### ACTION ITEM
Within the entries below, output exactly the lines between the line containing "活動現場熱鬧非凡,黎族的阿妹" and the line containing "On four square", inclusive, and omit any picture.

### TASK DATA
··········

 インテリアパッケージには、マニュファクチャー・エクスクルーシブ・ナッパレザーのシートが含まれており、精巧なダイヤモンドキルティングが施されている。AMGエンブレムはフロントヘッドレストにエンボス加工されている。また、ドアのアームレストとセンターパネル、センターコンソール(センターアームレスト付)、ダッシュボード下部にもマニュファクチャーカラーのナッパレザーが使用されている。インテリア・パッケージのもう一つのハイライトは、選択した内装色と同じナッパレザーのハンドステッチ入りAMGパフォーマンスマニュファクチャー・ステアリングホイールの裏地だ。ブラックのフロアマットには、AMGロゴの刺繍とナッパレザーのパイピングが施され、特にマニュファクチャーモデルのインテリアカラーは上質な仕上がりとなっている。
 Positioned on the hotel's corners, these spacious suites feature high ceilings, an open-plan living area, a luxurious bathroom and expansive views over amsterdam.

··········

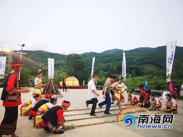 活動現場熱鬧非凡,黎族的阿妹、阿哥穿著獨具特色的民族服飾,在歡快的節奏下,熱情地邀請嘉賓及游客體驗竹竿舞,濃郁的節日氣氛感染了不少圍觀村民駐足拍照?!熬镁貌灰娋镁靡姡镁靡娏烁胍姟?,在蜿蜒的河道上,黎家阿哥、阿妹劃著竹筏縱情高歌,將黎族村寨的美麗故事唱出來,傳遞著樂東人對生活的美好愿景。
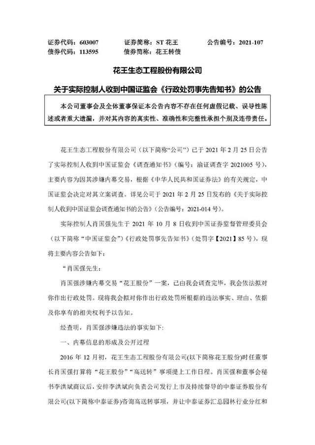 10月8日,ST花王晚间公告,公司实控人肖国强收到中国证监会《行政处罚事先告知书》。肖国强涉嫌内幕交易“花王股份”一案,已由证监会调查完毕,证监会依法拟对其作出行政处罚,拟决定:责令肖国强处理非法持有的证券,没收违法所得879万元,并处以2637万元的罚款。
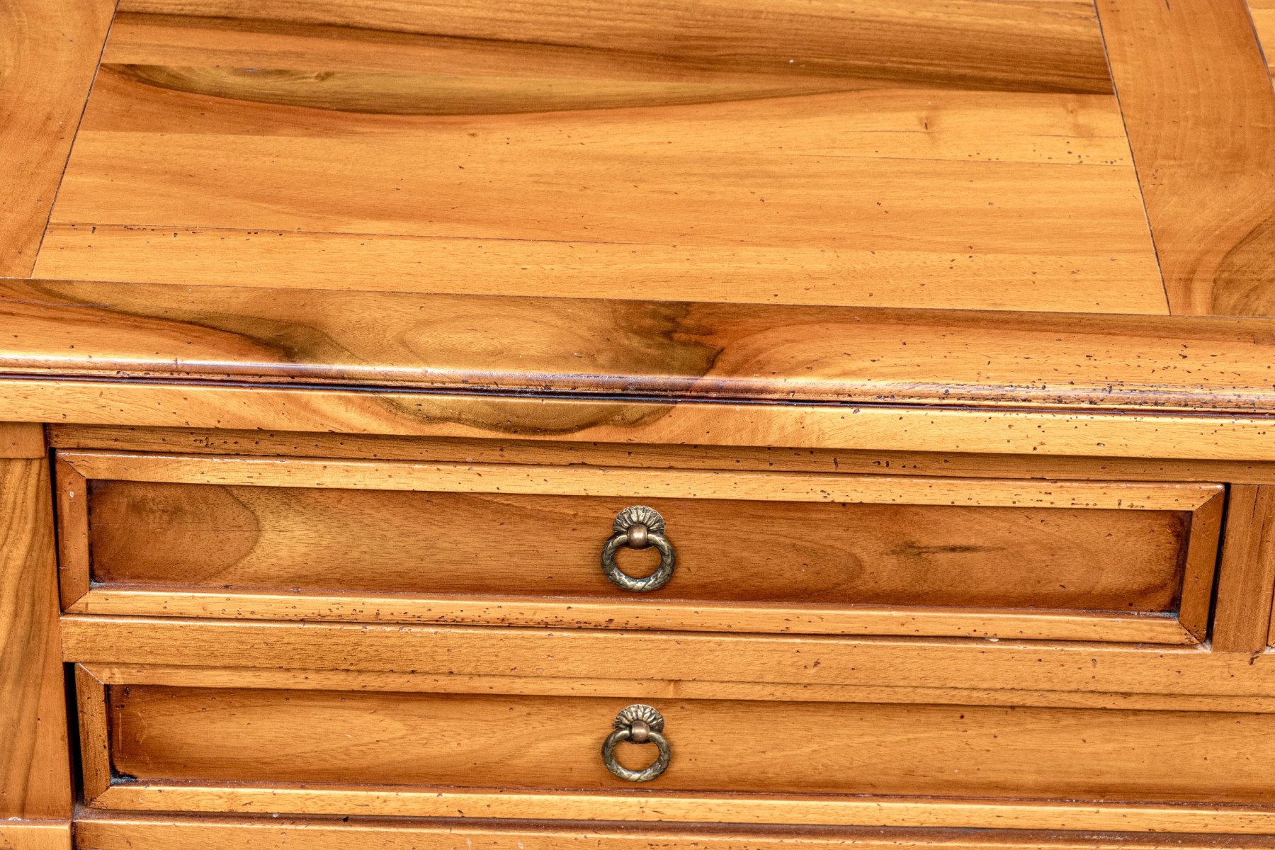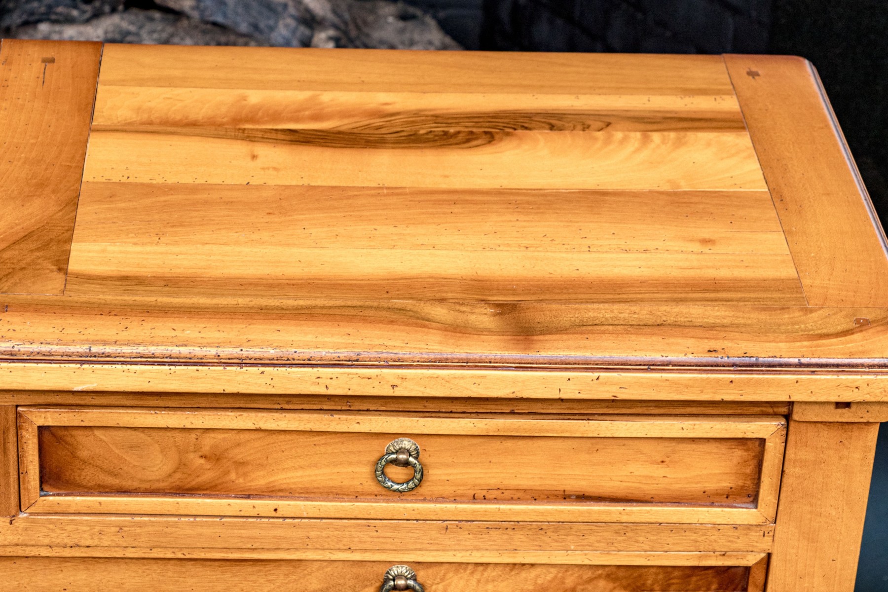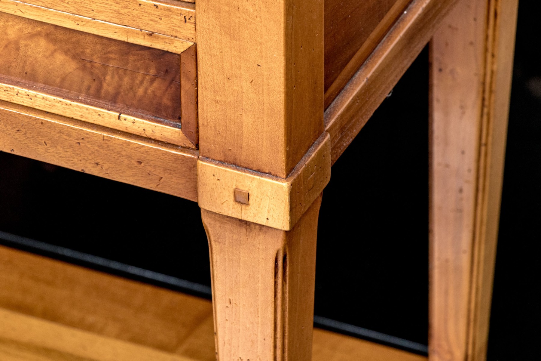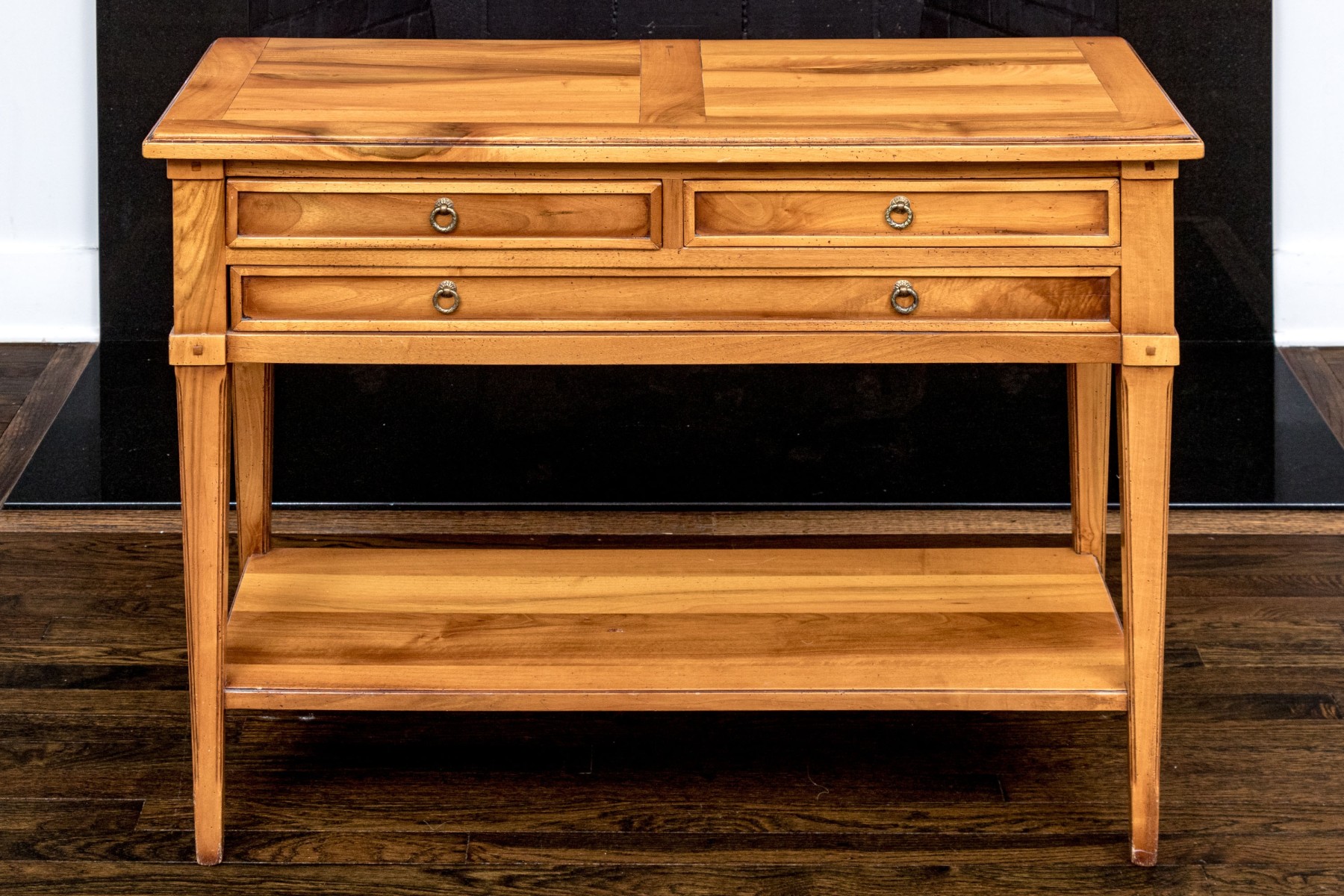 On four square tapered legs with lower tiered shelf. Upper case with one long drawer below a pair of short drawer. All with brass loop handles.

··········

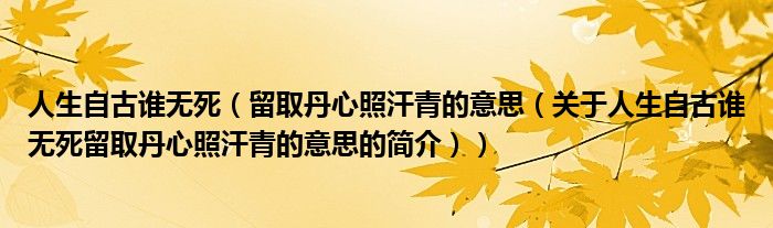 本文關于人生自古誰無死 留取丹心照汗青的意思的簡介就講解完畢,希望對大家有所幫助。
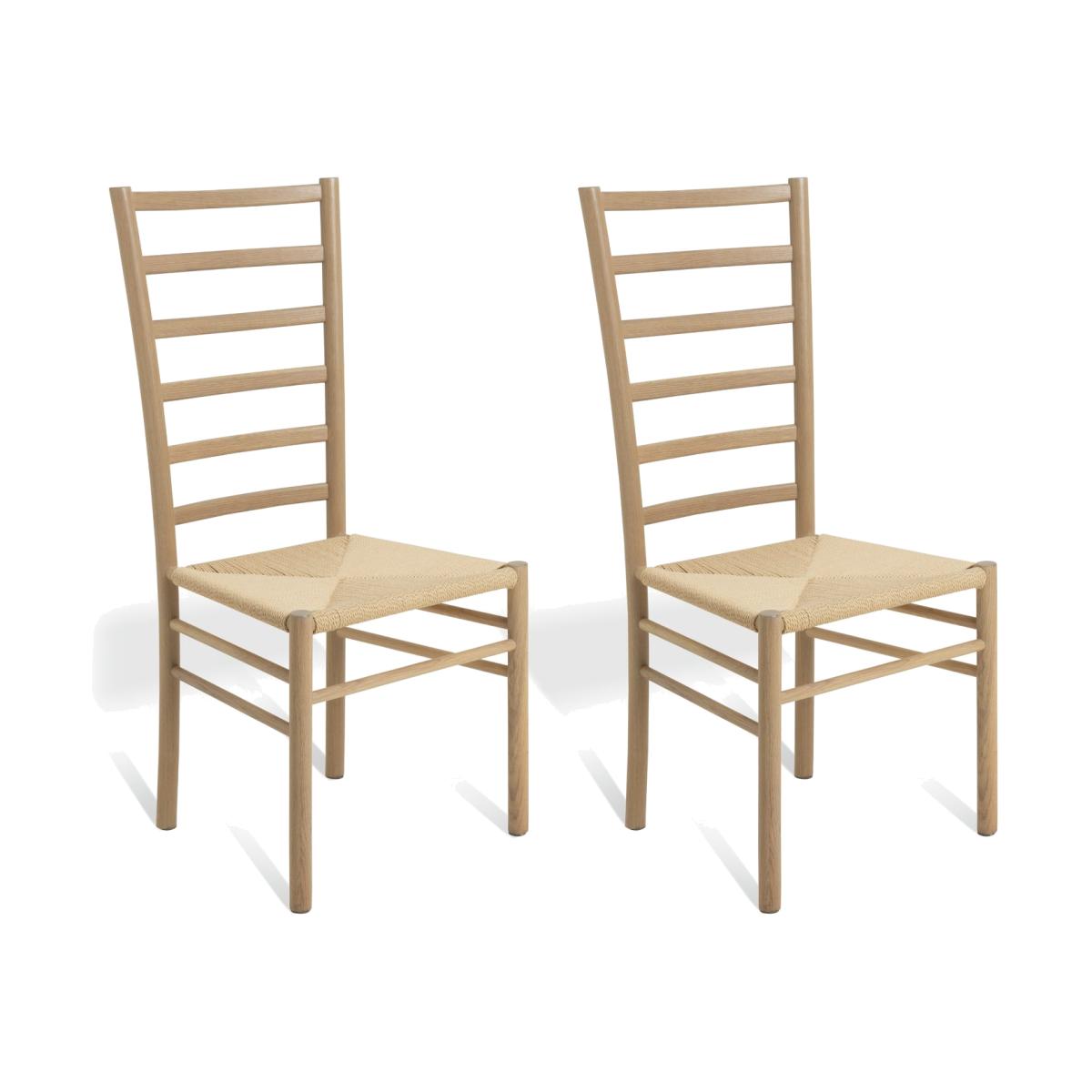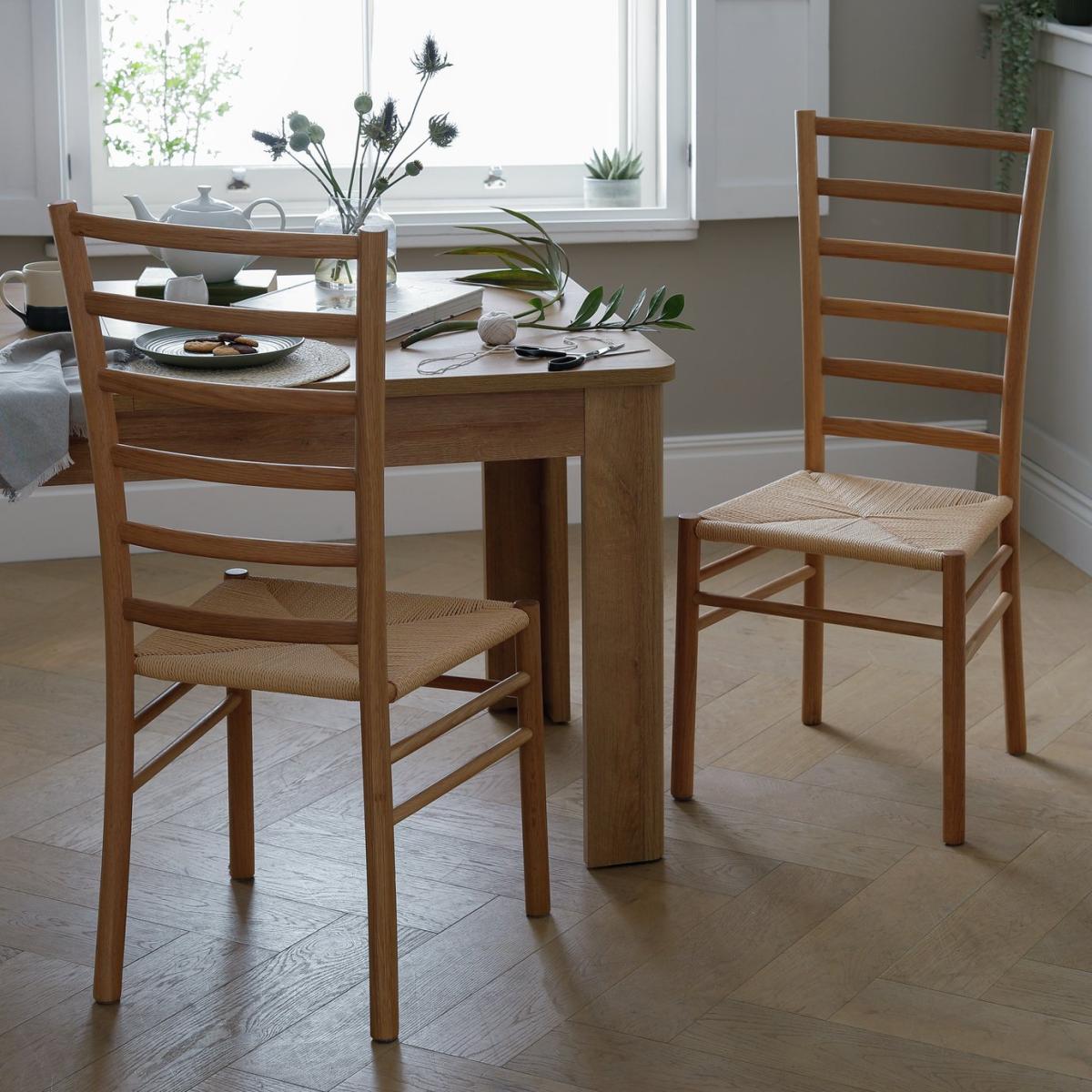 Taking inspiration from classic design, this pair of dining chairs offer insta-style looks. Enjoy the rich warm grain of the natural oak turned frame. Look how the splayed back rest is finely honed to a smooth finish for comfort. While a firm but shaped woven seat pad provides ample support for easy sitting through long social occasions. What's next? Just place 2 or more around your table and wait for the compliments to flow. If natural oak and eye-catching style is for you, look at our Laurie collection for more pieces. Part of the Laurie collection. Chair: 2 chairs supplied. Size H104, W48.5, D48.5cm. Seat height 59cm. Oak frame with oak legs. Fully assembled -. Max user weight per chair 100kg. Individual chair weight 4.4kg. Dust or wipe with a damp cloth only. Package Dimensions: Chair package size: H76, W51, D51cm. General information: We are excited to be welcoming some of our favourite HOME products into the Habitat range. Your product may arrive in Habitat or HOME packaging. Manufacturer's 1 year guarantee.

··········

### ANSWER FOR THIS EXERCISE
 活動現場熱鬧非凡,黎族的阿妹、阿哥穿著獨具特色的民族服飾,在歡快的節奏下,熱情地邀請嘉賓及游客體驗竹竿舞,濃郁的節日氣氛感染了不少圍觀村民駐足拍照?!熬镁貌灰娋镁靡姡镁靡娏烁胍姟?,在蜿蜒的河道上,黎家阿哥、阿妹劃著竹筏縱情高歌,將黎族村寨的美麗故事唱出來,傳遞著樂東人對生活的美好愿景。
 10月8日,ST花王晚间公告,公司实控人肖国强收到中国证监会《行政处罚事先告知书》。肖国强涉嫌内幕交易“花王股份”一案,已由证监会调查完毕,证监会依法拟对其作出行政处罚,拟决定:责令肖国强处理非法持有的证券,没收违法所得879万元,并处以2637万元的罚款。
 On four square tapered legs with lower tiered shelf. Upper case with one long drawer below a pair of short drawer. All with brass loop handles.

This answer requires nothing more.